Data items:

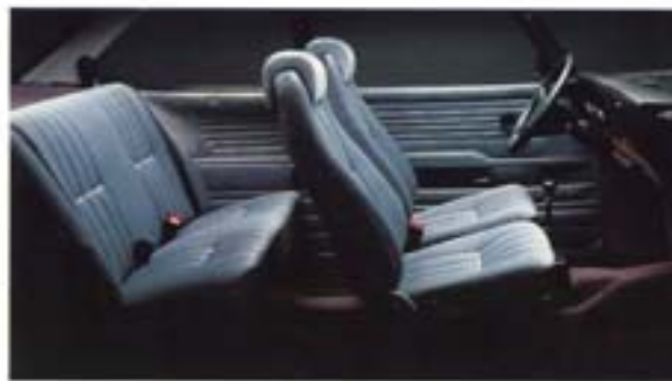
Saab 90:ssä on vakiovarusteena plyyshiiverhoilu, joka on yhtä miellyttävä niin kesällä kuin talvella.

Hyvän näkyvyyden, järkevästi sijoitettujen mittareiden ja säätimien vuoksi Saabilla ajon aikana ei tarvitse miettiä itse ajamista, vaan voidaan keskittyä liikenteen tarkkailuun.
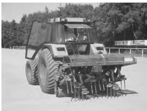
Die Einsaat mit der Maschine
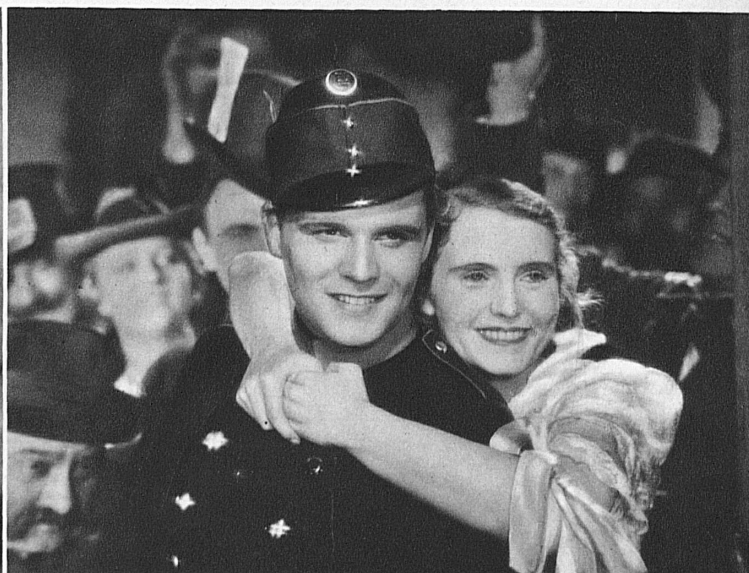
Alb. Lieven und Karin Hardt — Karl und Hermine
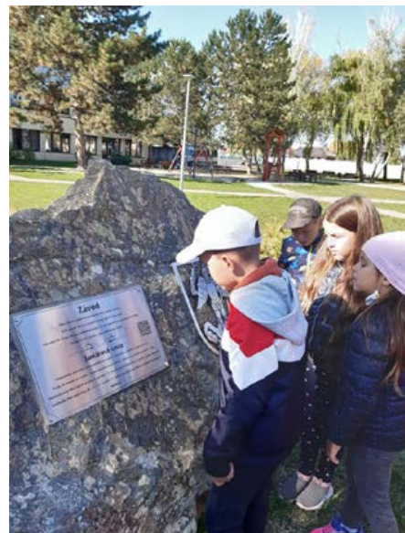
Žiaci v našej obci pri pamätníku
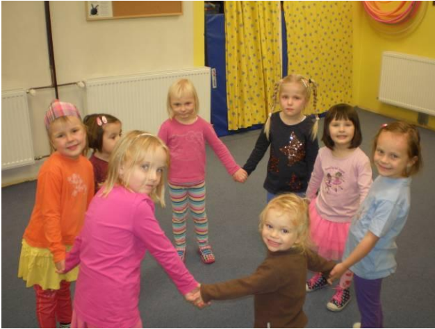
Cvičení při hudbě
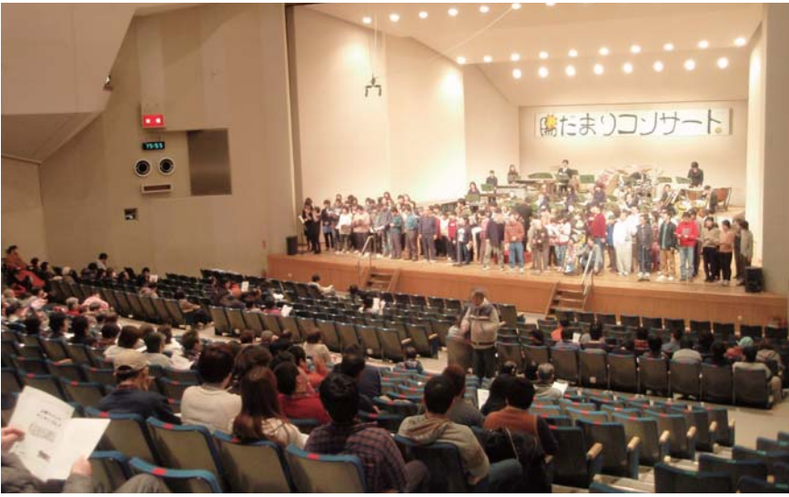
出演者のみなさんと、客席が一体となって歌った「つばさをください」。上野ウインドアンサンブルによる伴奏で、会場いっぱいに歌声が響いた感動のフィナーレです。
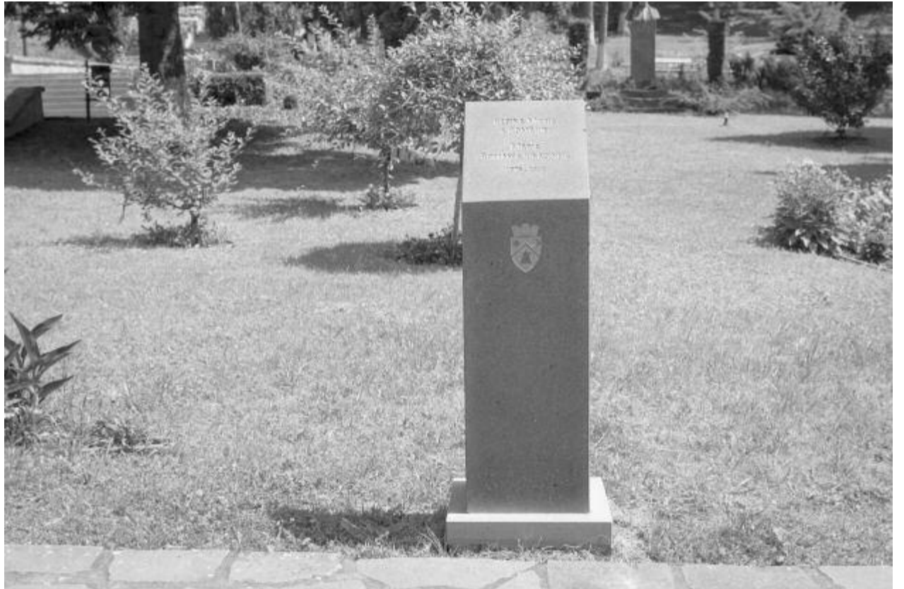
Három emlékkövet állítottak fel a fürdőtelepen

**Description of the task**
Return all the data above as written, leaving out only the pictures.

**Answer to this problem**
Saab 90:ssä on vakiovarusteena plyyshiiverhoilu, joka on yhtä miellyttävä niin kesällä kuin talvella.

Hyvän näkyvyyden, järkevästi sijoitettujen mittareiden ja säätimien vuoksi Saabilla ajon aikana ei tarvitse miettiä itse ajamista, vaan voidaan keskittyä liikenteen tarkkailuun.
Die Einsaat mit der Maschine
Alb. Lieven und Karin Hardt — Karl und Hermine
Žiaci v našej obci pri pamätníku
Cvičení při hudbě
出演者のみなさんと、客席が一体となって歌った「つばさをください」。上野ウインドアンサンブルによる伴奏で、会場いっぱいに歌声が響いた感動のフィナーレです。
Három emlékkövet állítottak fel a fürdőtelepen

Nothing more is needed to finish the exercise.